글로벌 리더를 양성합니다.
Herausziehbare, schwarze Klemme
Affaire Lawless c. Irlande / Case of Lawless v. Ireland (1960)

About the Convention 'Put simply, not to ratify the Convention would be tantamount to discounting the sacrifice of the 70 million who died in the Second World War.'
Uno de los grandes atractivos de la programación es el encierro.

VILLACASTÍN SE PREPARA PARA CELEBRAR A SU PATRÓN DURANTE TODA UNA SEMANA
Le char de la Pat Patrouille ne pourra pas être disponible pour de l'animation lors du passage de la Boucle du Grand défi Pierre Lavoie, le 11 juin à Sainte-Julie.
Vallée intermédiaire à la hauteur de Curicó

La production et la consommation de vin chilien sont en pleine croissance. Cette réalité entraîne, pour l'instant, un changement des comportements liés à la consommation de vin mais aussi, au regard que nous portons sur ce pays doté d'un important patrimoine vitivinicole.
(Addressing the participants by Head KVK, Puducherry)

****

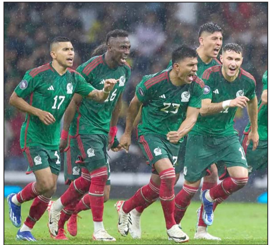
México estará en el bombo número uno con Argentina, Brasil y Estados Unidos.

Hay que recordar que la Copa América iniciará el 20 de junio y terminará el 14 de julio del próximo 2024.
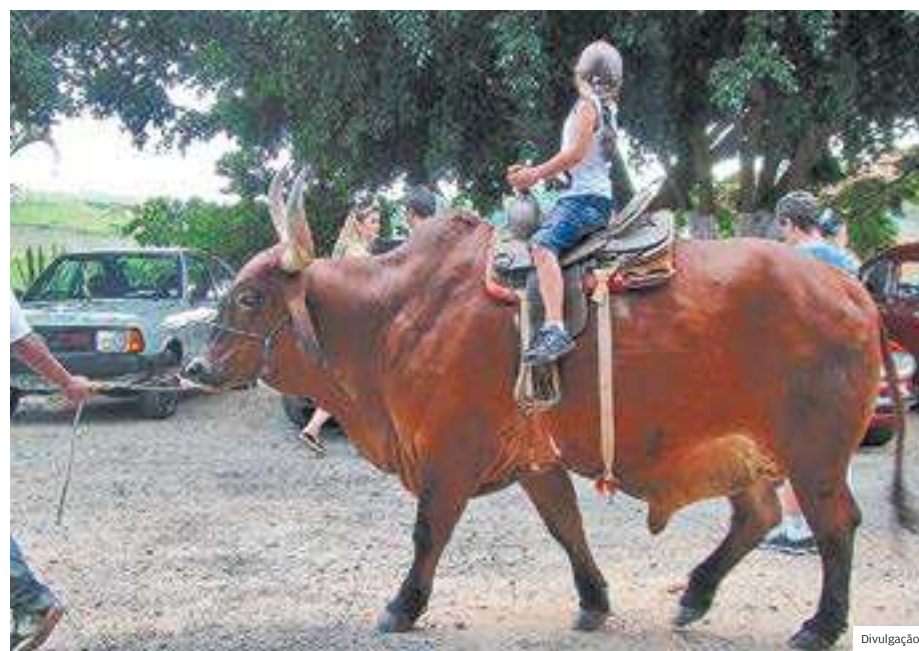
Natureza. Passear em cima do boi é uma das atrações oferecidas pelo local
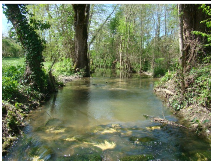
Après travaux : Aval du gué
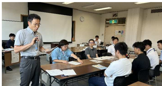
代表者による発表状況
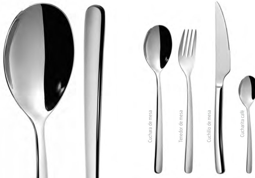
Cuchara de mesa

****

### Problem to solve
In the entries above, the lines from the one bearing "글로벌 리더를 양성합니다." up to and including the one bearing "(Addressing the participants" should be transcribed exactly; no other line is wanted.

### Answer for this exercise
글로벌 리더를 양성합니다.
Herausziehbare, schwarze Klemme
Affaire Lawless c. Irlande / Case of Lawless v. Ireland (1960)

About the Convention 'Put simply, not to ratify the Convention would be tantamount to discounting the sacrifice of the 70 million who died in the Second World War.'
Uno de los grandes atractivos de la programación es el encierro.

VILLACASTÍN SE PREPARA PARA CELEBRAR A SU PATRÓN DURANTE TODA UNA SEMANA
Le char de la Pat Patrouille ne pourra pas être disponible pour de l'animation lors du passage de la Boucle du Grand défi Pierre Lavoie, le 11 juin à Sainte-Julie.
Vallée intermédiaire à la hauteur de Curicó

La production et la consommation de vin chilien sont en pleine croissance. Cette réalité entraîne, pour l'instant, un changement des comportements liés à la consommation de vin mais aussi, au regard que nous portons sur ce pays doté d'un important patrimoine vitivinicole.
(Addressing the participants by Head KVK, Puducherry)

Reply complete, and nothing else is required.